BEGIN

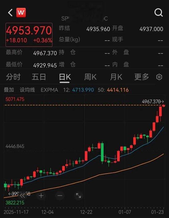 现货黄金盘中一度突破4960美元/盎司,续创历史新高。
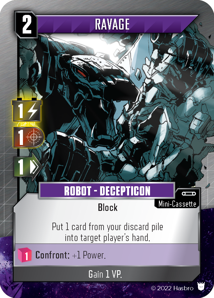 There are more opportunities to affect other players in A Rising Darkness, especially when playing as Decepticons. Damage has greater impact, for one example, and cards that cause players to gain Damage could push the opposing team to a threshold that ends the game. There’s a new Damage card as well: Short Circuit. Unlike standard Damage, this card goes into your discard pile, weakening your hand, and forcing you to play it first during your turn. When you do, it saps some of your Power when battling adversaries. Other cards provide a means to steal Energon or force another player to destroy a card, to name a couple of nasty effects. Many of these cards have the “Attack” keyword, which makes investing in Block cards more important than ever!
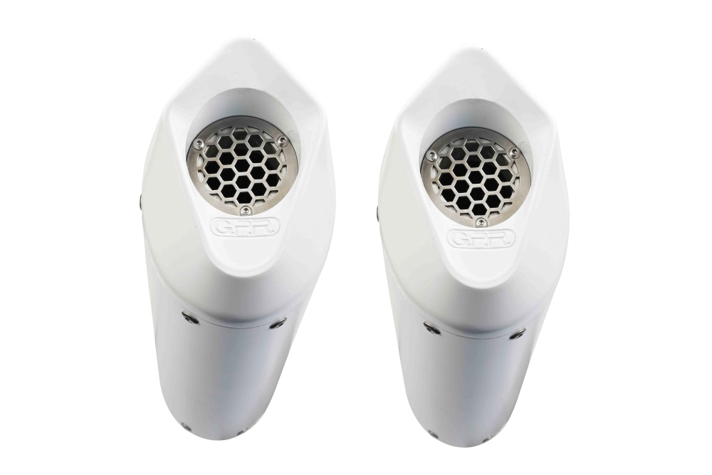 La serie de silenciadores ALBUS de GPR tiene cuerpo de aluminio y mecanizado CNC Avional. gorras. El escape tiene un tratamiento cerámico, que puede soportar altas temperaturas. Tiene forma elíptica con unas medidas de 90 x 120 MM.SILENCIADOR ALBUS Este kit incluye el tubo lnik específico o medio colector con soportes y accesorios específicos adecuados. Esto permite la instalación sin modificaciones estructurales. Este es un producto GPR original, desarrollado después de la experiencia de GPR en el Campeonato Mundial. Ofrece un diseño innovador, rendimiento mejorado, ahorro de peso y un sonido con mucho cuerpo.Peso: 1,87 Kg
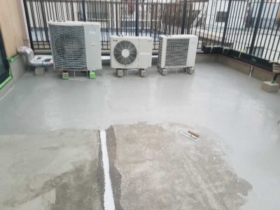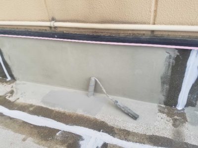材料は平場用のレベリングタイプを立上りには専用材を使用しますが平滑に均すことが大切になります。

END

EXERCISE BRIEF: Copy nothing but the lines from the top of the data down to the line containing "There are more", and leave the pictures out.

ANSWER TO THE EXERCISE:
 现货黄金盘中一度突破4960美元/盎司,续创历史新高。
 There are more opportunities to affect other players in A Rising Darkness, especially when playing as Decepticons. Damage has greater impact, for one example, and cards that cause players to gain Damage could push the opposing team to a threshold that ends the game. There’s a new Damage card as well: Short Circuit. Unlike standard Damage, this card goes into your discard pile, weakening your hand, and forcing you to play it first during your turn. When you do, it saps some of your Power when battling adversaries. Other cards provide a means to steal Energon or force another player to destroy a card, to name a couple of nasty effects. Many of these cards have the “Attack” keyword, which makes investing in Block cards more important than ever!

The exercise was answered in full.